In many urban areas, he said, population growth is forcing the construction of housing tracts and schools near busy roadways, so that many children live and attend school close to major sources of air pollution.
"In view of the magnitude of the reported effects and the importance of lung function as a determinant of adult morbidity and mortality, reduction of exposure to traffic-related air pollutants could lead to substantial public-health benefits," Dr. Gauderman's team concluded.
In an accompanying comment, Thomas Sandstrm, M.D., of University Hospital in Ume, Sweden, and Bert Brunekreef, Ph.D., of the University of Utrecht in The Netherlands, wrote that although the researchers did all they could to take socioeconomic factors into account, the effect that social factors might have on lung function growth is difficult to define, and the possibility for residual confounding remains.

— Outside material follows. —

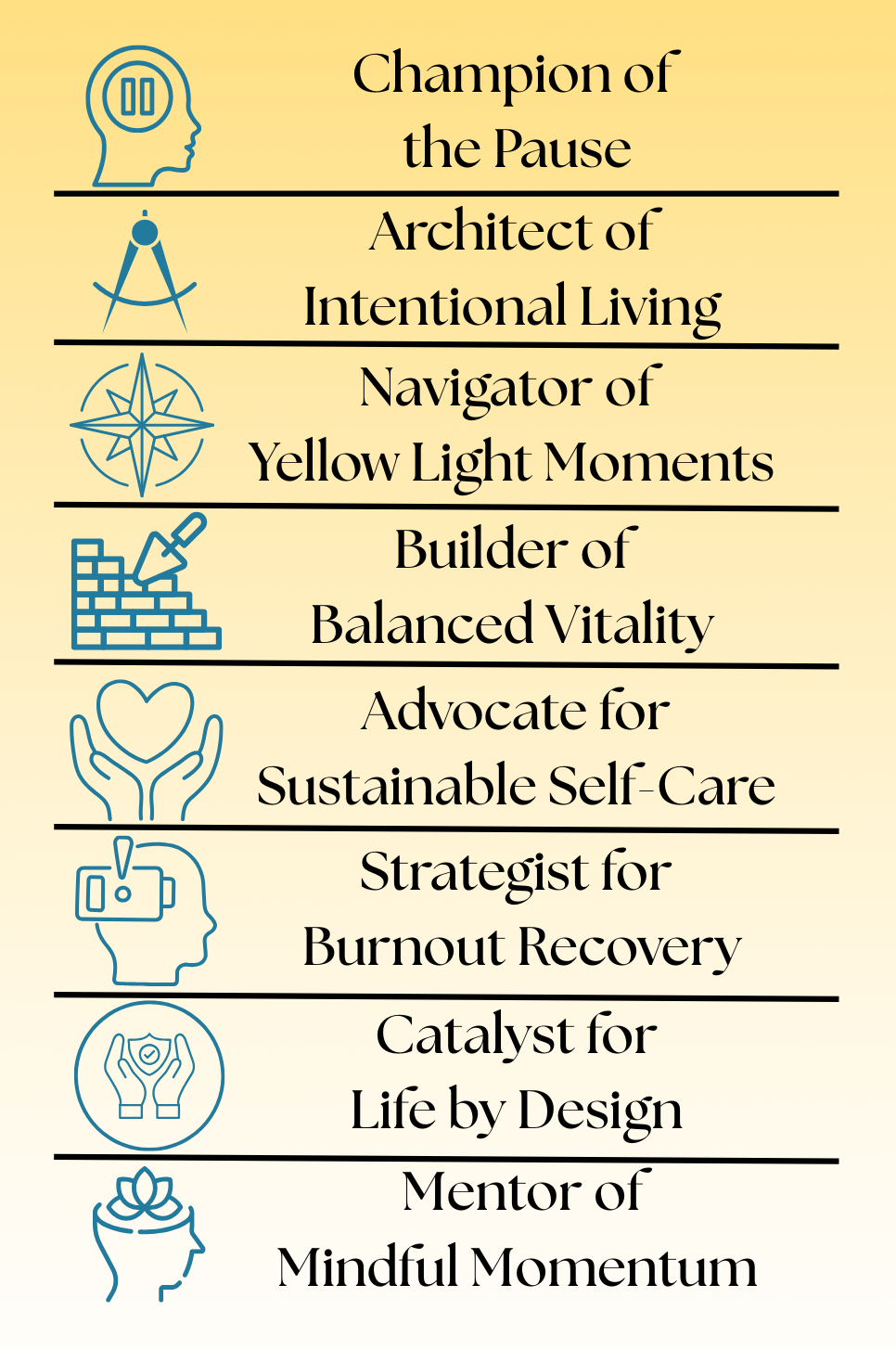 - Specializes in burnout prevention, intentional living, and sustainable self-care

Another issue, they said, is school location. The study covered an age range when these children would have attended secondary school, and a line of study would have been to measure what preceding exposures at younger ages might have contributed to the deficits. The density and composition of traffic could also have been examined, but the study's power would have been insufficient to address these additional questions.
However, they said, these questions should not distract from the major achievement of follow-up of such a large group of children.
The findings by Dr. Gauderman and colleagues, combined with previous epidemiological studies, lead to "important questions for society about the structure of the transportation system, engine, fuels, combustion, and road dust in urban areas," Drs. Sandstrm and Brunekreef concluded.